鍵崎の頬に桃里は携帯電話を握った手で殴った。すると、鍵崎の目にストラップに加工された虹色のビー玉が映る。

「相変わらずイテェ」

 鍵崎は赤くなった頬を気にする。

「自業自得です」

 桃里はそう言うとすました顔で足早に歩いた。

「なぁ、桃里。そのストラップ、いつ買ったんだ?」

「秘密です」

 桃里は更に足早に歩いた。

(まさか、押入れの奥にあるとは思いませんでした。せっかくですから肌身離さず持てるように加工してもらいました)

「教えてくれよ」

「鍵崎さんも思い出さなきゃいけない事があるみたいですね」

 桃里は冷たくあしらった。

(いつも遊ばれているから、そのお返しです)

「せっかく、ケータイ買ったんだから、お揃いのストラップが欲しいぜ」

「無理です」

 桃里は鍵崎から視線を逸らす。

「なんでだよ?」

 鍵崎は食い下がるように言った。

「だから、秘密ですってば」

 桃里は冷たく接しようとしたが、つい微笑んでしまう。

 鍵崎はため息を吐く。

「絶対、暴いてやるからな」

 鍵崎が意気込むと、桃里はまた微笑んだ。

(気づいて欲しいような欲しくないような。ちょっと複雑ですね)

 爽やかな秋晴れの空、鍵崎と桃里は少しだけ近い距離で登校した。


「桃里」

「お爺様。おはようございます」

「お、おはようございます」

 校門の前で二人は玄一に出会い、緊張してしまう。

「見たぞ。
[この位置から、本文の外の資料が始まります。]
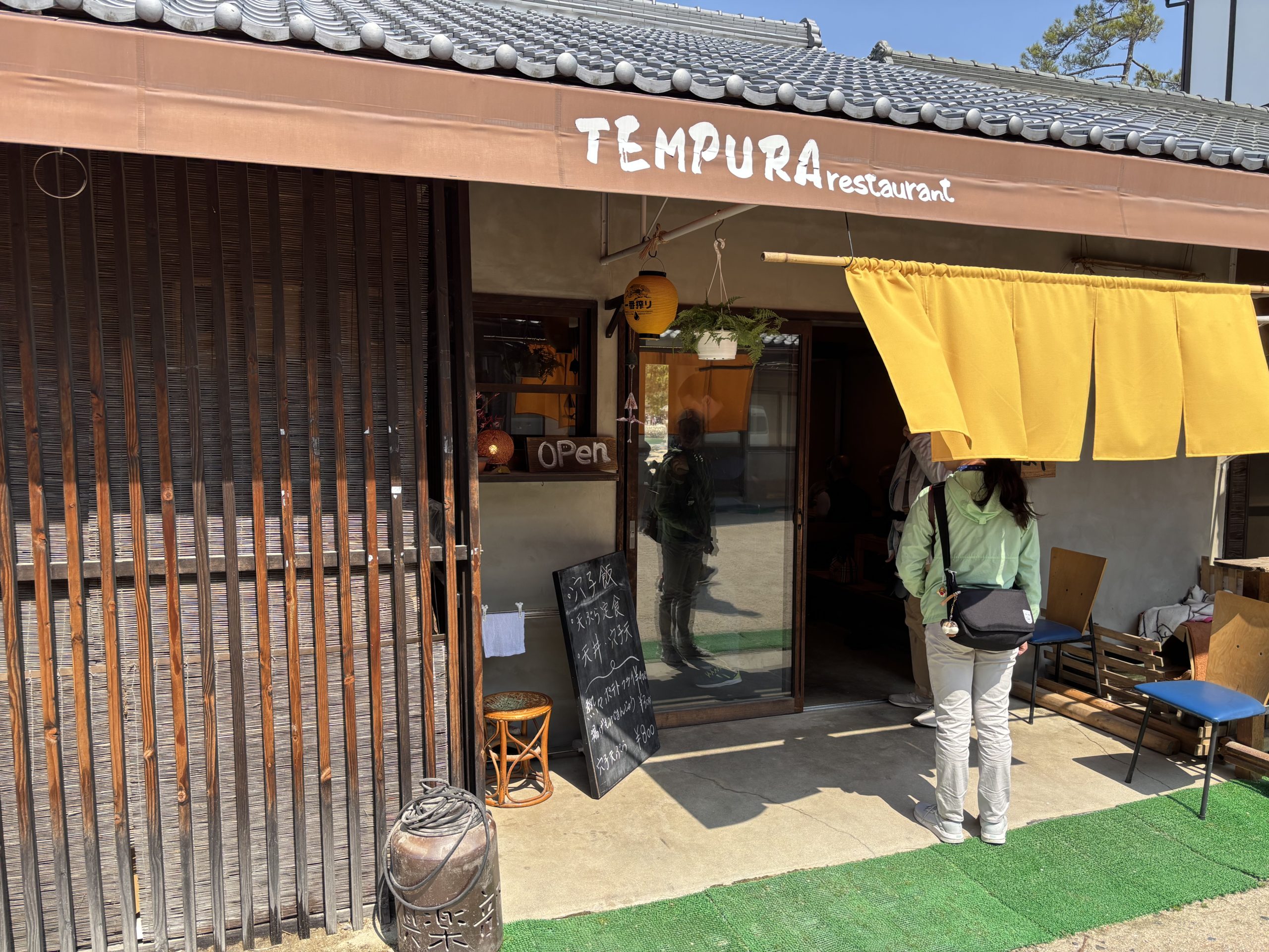みしなやは宮島で唯一の天ぷら専門店。黄色いのれんが目印で、厳島神社近くの大願寺裏手にあります。もともとこの場所には「津久根島」という天ぷら店があり、天ぷらに縁のあるエリアとして地元にも知られてきました。
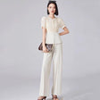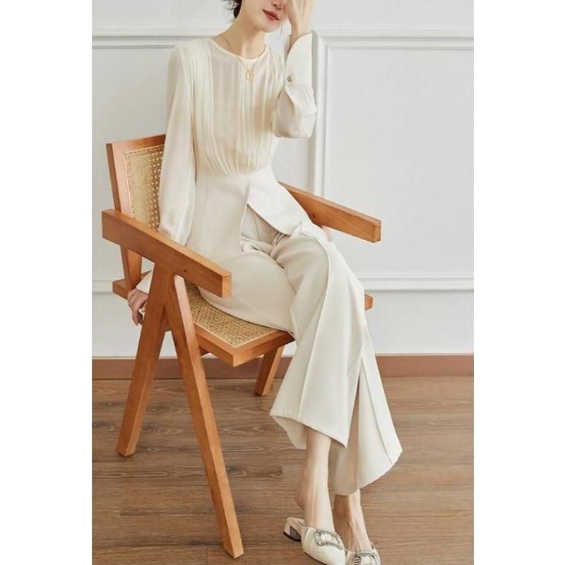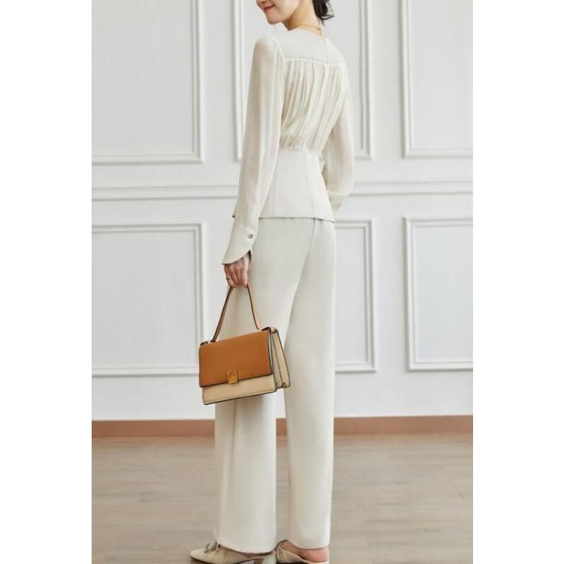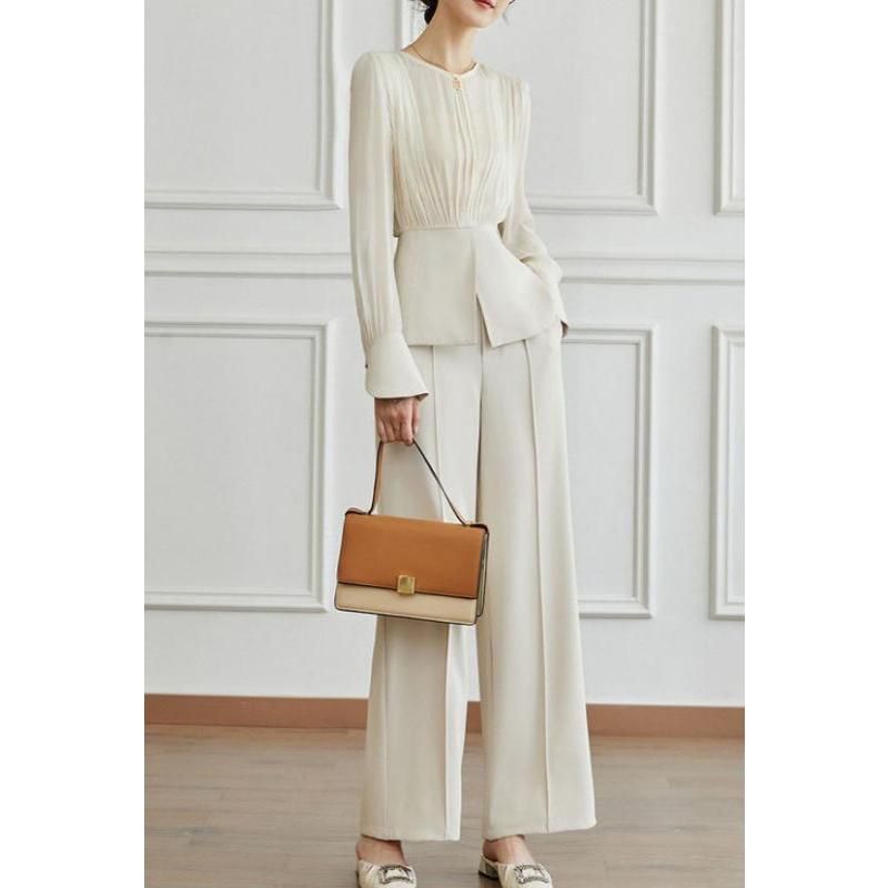 Our set features a mid-waist design that flatters your figure, paired with wide leg pants that offer both comfort and style. The laminated fabric, comprising 31% to 50% polyester, ensures durability and a gentle feel against the skin. With its full-length shirt sleeves and O-neck collar, this ensemble exudes a chic and timeless elegance. The pants come with a convenient zipper fly for easy wear.
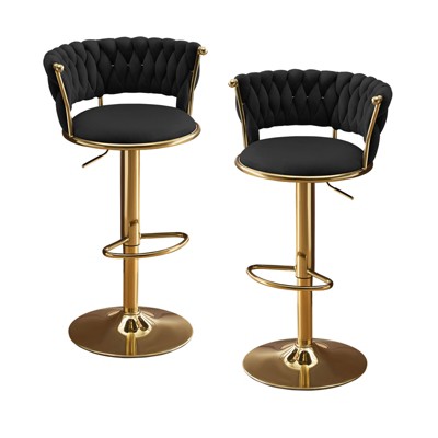 HomeRoots Set of Two Black and Gold Velvet and Metal Low Back Adjustable Height Swivel Bar Chairs
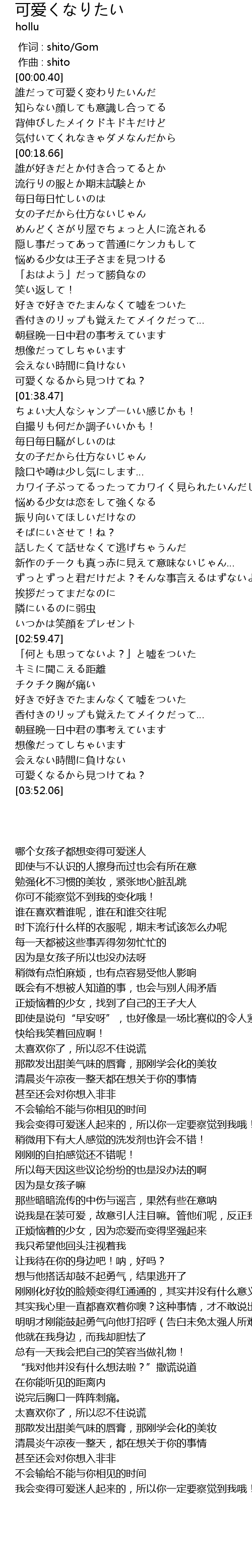 | [00:00.93] | 誰だって可愛く変わりたいんだ |
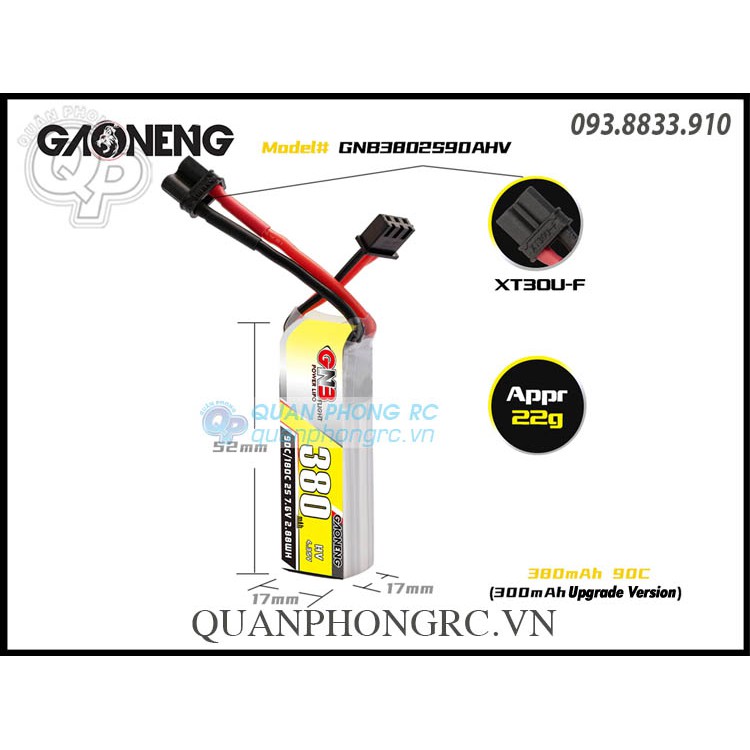 Pin GNB 380mAh 2S 90C 7.6V LiHV
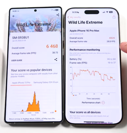 갤럭시 S25 울트라 vs 아이폰16 pro max, 속도 테스트

文化祭の催し物」

「エッ、見られたのですか」

 明らかに桃里は動揺しており、全身が震えている。

「無様だ。これでは東洋の未来を任せられん」

「申し訳ありません」

 縮こまる桃里を一瞥した後、玄一は鍵崎を睨みつけた。

「ヒィッ」

「少しはたくましくなったか」

 玄一はそう言うと二人を置いて歩き出す。

「だが、調子に乗るな。まだまだ心身ともにたるんでおる。特に心がな」

 玄一が立ち去ると二人の緊張の糸が切れた。

「もう見ていたんですね。お爺様」

 鍵崎はニヤついていた。

「まさか、お爺様に褒められて有頂天になったのですか?」

「えー、だってあの爺さんが褒めたんだぜ。これで公認のカップルだぜ?」

 桃里はニヤついた鍵崎の腹に正拳突きを放った。

「ウッ、桃里。殺す気か?」

 鍵崎は苦悶に歪んでいる。だが、それを無視して桃里は歩き出した。

「ま、待ってくれ桃里」

 鍵崎は這い蹲りながら桃里を追った。

 クロフトの攻撃は一先ず止んだ。今、鍵崎のするべき事は桃里と穏やかな日常を過ごす事だった。